[[ TASK INPUTS, beginning ]]

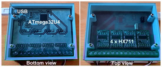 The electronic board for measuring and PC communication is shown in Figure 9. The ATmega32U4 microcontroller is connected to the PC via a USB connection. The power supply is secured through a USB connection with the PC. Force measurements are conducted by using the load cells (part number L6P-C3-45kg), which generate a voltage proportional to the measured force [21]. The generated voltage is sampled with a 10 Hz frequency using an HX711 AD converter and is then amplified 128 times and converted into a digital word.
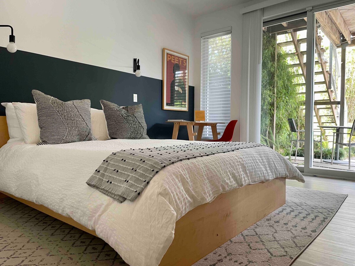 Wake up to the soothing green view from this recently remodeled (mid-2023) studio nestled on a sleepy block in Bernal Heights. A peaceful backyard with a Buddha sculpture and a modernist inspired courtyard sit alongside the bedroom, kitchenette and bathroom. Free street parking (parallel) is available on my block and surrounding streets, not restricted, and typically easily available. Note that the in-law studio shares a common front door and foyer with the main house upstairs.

[[ TASK INPUTS, end ]]
[[ TASK INPUTS, beginning ]]

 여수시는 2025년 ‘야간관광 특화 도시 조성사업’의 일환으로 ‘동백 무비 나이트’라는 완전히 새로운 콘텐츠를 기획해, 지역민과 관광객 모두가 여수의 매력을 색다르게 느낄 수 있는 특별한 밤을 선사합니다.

[[ TASK INPUTS, end ]]
[[ TASK INPUTS, beginning ]]

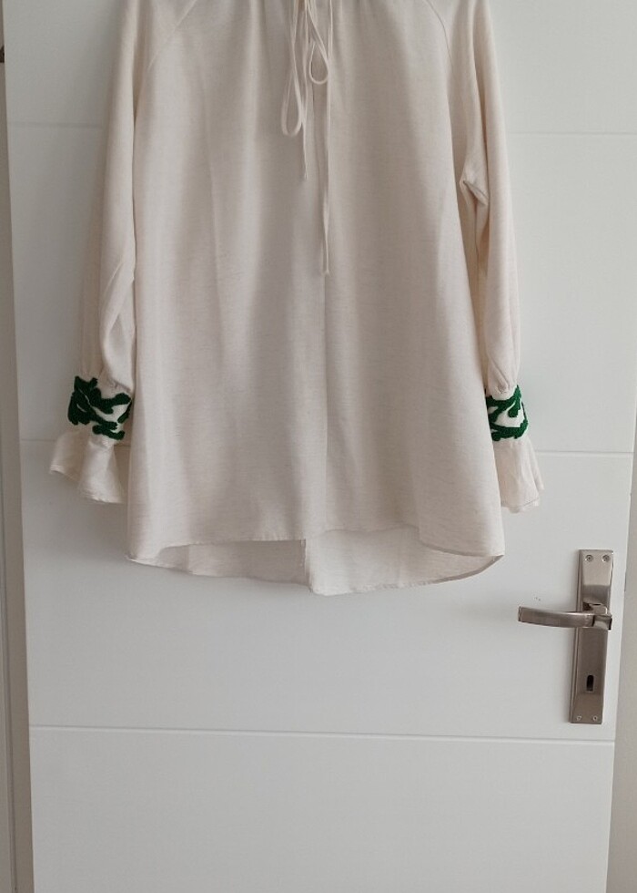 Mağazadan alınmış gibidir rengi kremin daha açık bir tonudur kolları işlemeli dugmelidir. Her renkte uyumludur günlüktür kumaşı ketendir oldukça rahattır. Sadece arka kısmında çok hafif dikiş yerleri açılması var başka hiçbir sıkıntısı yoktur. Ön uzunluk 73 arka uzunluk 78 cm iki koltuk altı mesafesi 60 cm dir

[[ TASK INPUTS, end ]]

WHAT THIS TASK INVOLVES:
Starting from the line with "The electronic board" in the records above, repeat each line exactly until you have written the line with "Wake up to the", then stop; drop the pictures.

YOUR RESPONSE:
 The electronic board for measuring and PC communication is shown in Figure 9. The ATmega32U4 microcontroller is connected to the PC via a USB connection. The power supply is secured through a USB connection with the PC. Force measurements are conducted by using the load cells (part number L6P-C3-45kg), which generate a voltage proportional to the measured force [21]. The generated voltage is sampled with a 10 Hz frequency using an HX711 AD converter and is then amplified 128 times and converted into a digital word.
 Wake up to the soothing green view from this recently remodeled (mid-2023) studio nestled on a sleepy block in Bernal Heights. A peaceful backyard with a Buddha sculpture and a modernist inspired courtyard sit alongside the bedroom, kitchenette and bathroom. Free street parking (parallel) is available on my block and surrounding streets, not restricted, and typically easily available. Note that the in-law studio shares a common front door and foyer with the main house upstairs.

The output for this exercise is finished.